It contains synchronized RGB and hyperspectral images, semantic segmentation masks for the labeled subset, and a larger unlabeled subset. The images are spatially aligned and resized to 256×256 for training.
- Project page: https://ropertunizar.github.io/publications/spectralwaste/
- Paper: https://arxiv.org/abs/2403.18033
- Dataset code: https://github.com/ferpb/spectralwaste-dataset
- Paper code: https://github.com/ferpb/spectralwaste-segmentation
- Zenodo: https://doi.org/10.5281/zenodo.10880544
Dataset
The dataset contains:
| Subset | Samples |
|---|---|
| Labeled | 852 |
| Unlabeled | 6801 |
| Total | 7653 |
Each sample contains synchronized:
- RGB image
- Hyperspectral image with 224 bands from approximately 900–1700 nm
Labeled samples additionally contain:
- RGB semantic segmentation mask
- Segmentation mask transferred to the hyperspectral image
Classes
The segmentation task contains six foreground waste categories plus background. Background pixels are included during training and when computing per-class metrics as class 0, but the background class is excluded when computing the mean IoU (mIoU) reported in the original experiments.
| ID | Class | Color |
|---|---|---|
| 0 | background | #000000 |
| 1 | film | #daf706 |
| 2 | basket | #33ddff |
| 3 | cardboard | #3432dd |
| 4 | video_tape | #ca98c3 |
| 5 | filament | #008000 |
| 6 | bag | #ffa500 |
Segmentation masks are stored as PNG images whose pixel values correspond directly to these class IDs.
Data format
The dataset is distributed as sharded WebDataset archives.

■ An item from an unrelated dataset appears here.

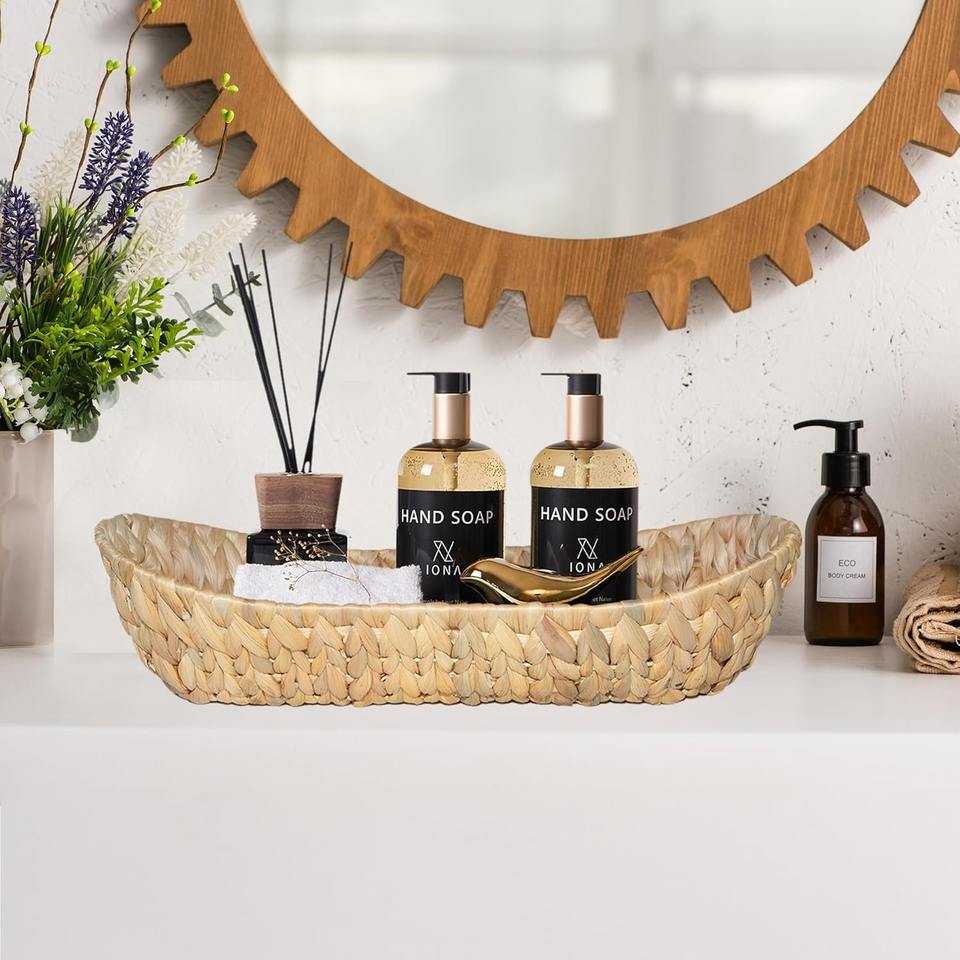 ตะกร้าเก็บของสานจากผักตบชวาทรงรี ตะกร้าเก็บของทำมือ ขายส่ง เป็นมิตรกับสิ่งแวดล้อม ผลิตในเวียดนาม

A labeled sample contains:
20220929_02_095520.rgb.png
20220929_02_095520.hsi.tiff
20220929_02_095520.label_rgb.png
20220929_02_095520.label_hsi_lt.png
20220929_02_095520.json
An unlabeled sample contains:
20220929_02_095520.rgb.png
20220929_02_095520.hsi.tiff
20220929_02_095520.json
The modalities are stored as:
| Modality | Shape | Type |
|---|---|---|
| RGB | (256, 256, 3) | uint 8 |
| HSI | (224, 256, 256) | uint16 |
| label_rgb | (256, 256) | uint8 |
| label_hsi_lt | (256, 256) | uint 8 |
Sample metadata
Sample identifiers follow:
YYYYMMDD_SS_HHMMSS
For example:
20220929_02_095520
Each sample includes:
{
"sample_id": "20220929_02_095520",
"sequence_id": "20220929_02",
"timestamp": "2022-09-29T09:55:20+02:00"
}
Samples sharing the same sequence_id belong to the same acquisition session.
Loading
Install:
pip install webdataset numpy pillow tifffile
Load a local set of shards:
import webdataset as wds
dataset = wds.WebDataset(
"data/train-{000000..000015}.tar"
)
sample = next(iter(dataset))
print(sample.keys())
Decode a labeled sample:
import io
import json
import numpy as np
import tifffile
from PIL import Image
def decode_sample(sample):
return {
"rgb": np.asarray(
Image.open(io.BytesIO(sample["rgb.png"])).convert("RGB")
),
"hsi": tifffile.imread(
io.BytesIO(sample["hsi.tiff"])
),
"label_rgb": np.asarray(
Image.open(io.BytesIO(sample["label_rgb.png"]))
),
"label_hsi_lt": np.asarray(
Image.open(io.BytesIO(sample["label_hsi_lt.png"]))
),
"metadata": json.loads(sample["json"]),
}
For PyTorch:
import torch
sample = decode_sample(sample)
rgb = torch.from_numpy(sample["rgb"].copy()).permute(2, 0, 1) # (3, 256, 256)
hsi = torch.from_numpy(sample["hsi"].copy()) # (224, 256, 256)
label_rgb = torch.from_numpy(sample["label_rgb"].copy()).long() # (256, 256)
label_hsi_lt = torch.from_numpy(sample["label_hsi_lt"].copy()).long() # (256, 256)
Preprocessing
This dataset is generated from the original SpectralWaste acquisitions using the preprocessing pipeline in the dataset repo.
The pipeline:
- aligns the RGB and HSI modalities
- resizes both to
256 × 256 - converts RGB instance annotations to semantic masks
- transfers RGB annotations to the HSI modality
- preserves RGB as 8-bit data and HSI as 16-bit data
The HSI masks transferred labels rather than independently annotated hyperspectral ground truth.
Splits
The labeled samples are divided into training, validation, and test sets using the script available in the dataset repo. The remaining samples form the unlabeled split.
| Split | Samples |
|---|---|
| train | 514 |
| validation | 167 |
| test | 171 |
| unlabeled | 6801 |
| Total | 7653 |
Full-resolution data
This repository is intended for segmentation training and benchmarking.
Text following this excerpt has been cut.